__Given information__
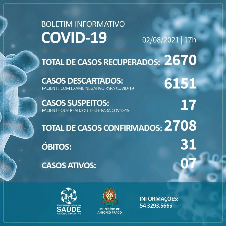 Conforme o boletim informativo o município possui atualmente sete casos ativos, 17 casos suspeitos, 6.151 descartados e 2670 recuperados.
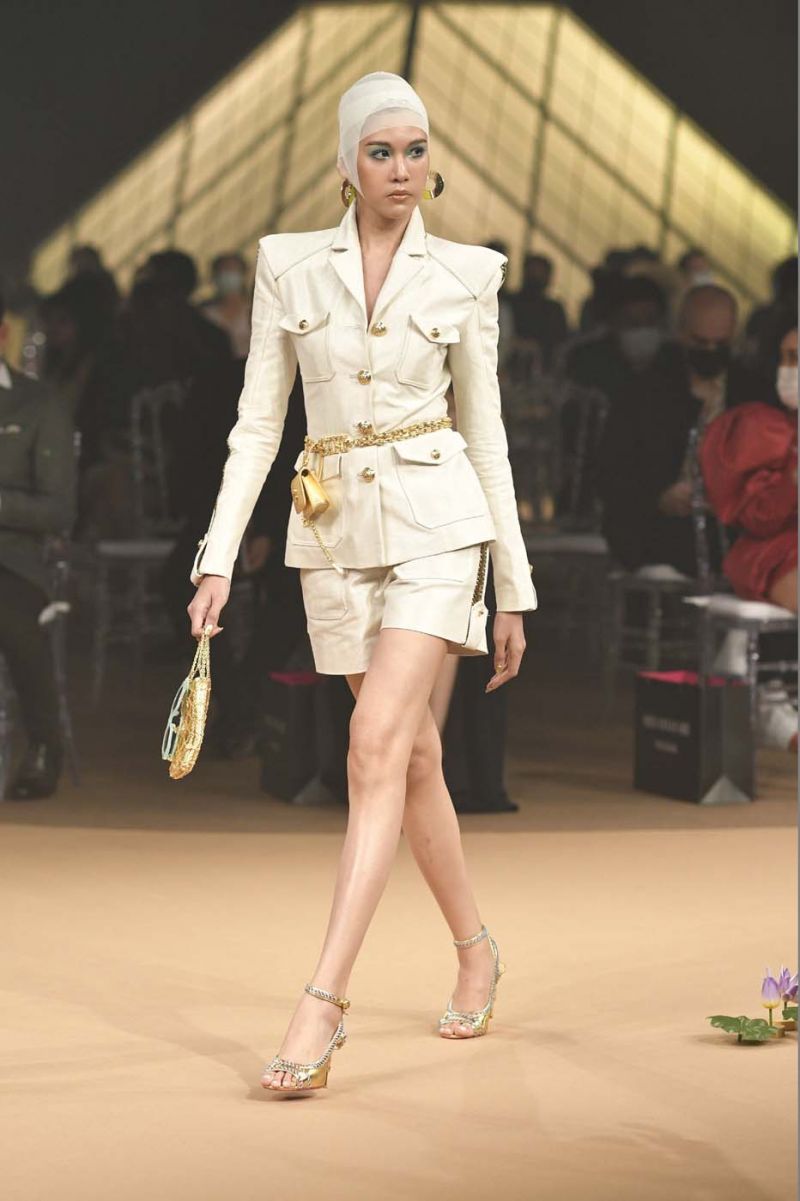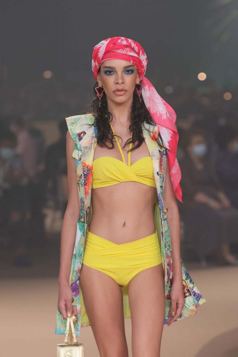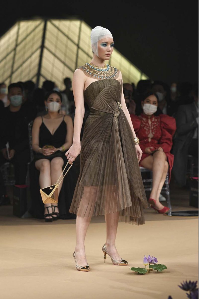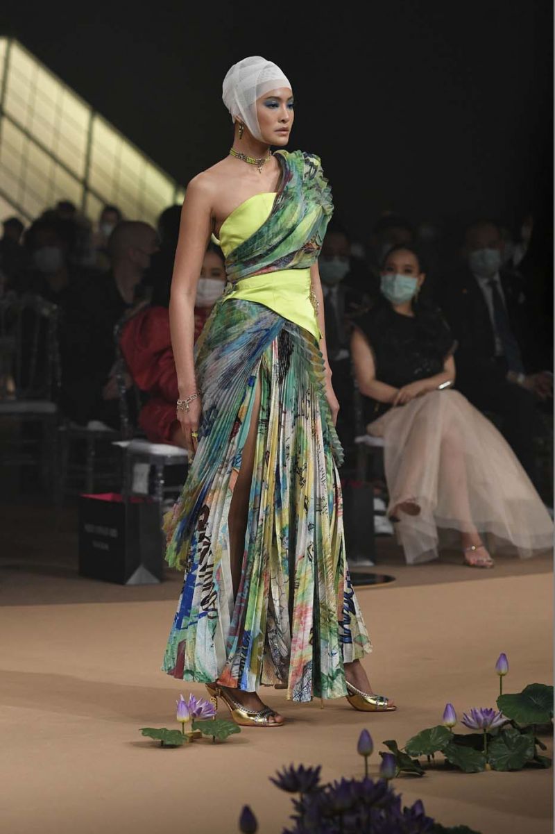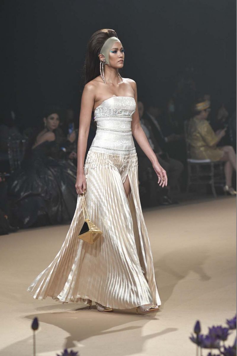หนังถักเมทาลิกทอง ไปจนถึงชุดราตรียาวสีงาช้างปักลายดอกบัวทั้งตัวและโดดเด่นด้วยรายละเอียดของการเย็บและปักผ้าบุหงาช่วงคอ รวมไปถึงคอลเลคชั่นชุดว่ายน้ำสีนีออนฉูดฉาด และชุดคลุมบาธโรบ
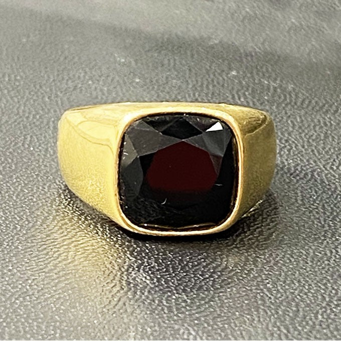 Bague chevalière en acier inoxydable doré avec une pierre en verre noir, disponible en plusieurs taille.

__Exercise aim__
Pictures aside, reproduce all of the data exactly.

__Exercise solution__
 Conforme o boletim informativo o município possui atualmente sete casos ativos, 17 casos suspeitos, 6.151 descartados e 2670 recuperados.
หนังถักเมทาลิกทอง ไปจนถึงชุดราตรียาวสีงาช้างปักลายดอกบัวทั้งตัวและโดดเด่นด้วยรายละเอียดของการเย็บและปักผ้าบุหงาช่วงคอ รวมไปถึงคอลเลคชั่นชุดว่ายน้ำสีนีออนฉูดฉาด และชุดคลุมบาธโรบ
 Bague chevalière en acier inoxydable doré avec une pierre en verre noir, disponible en plusieurs taille.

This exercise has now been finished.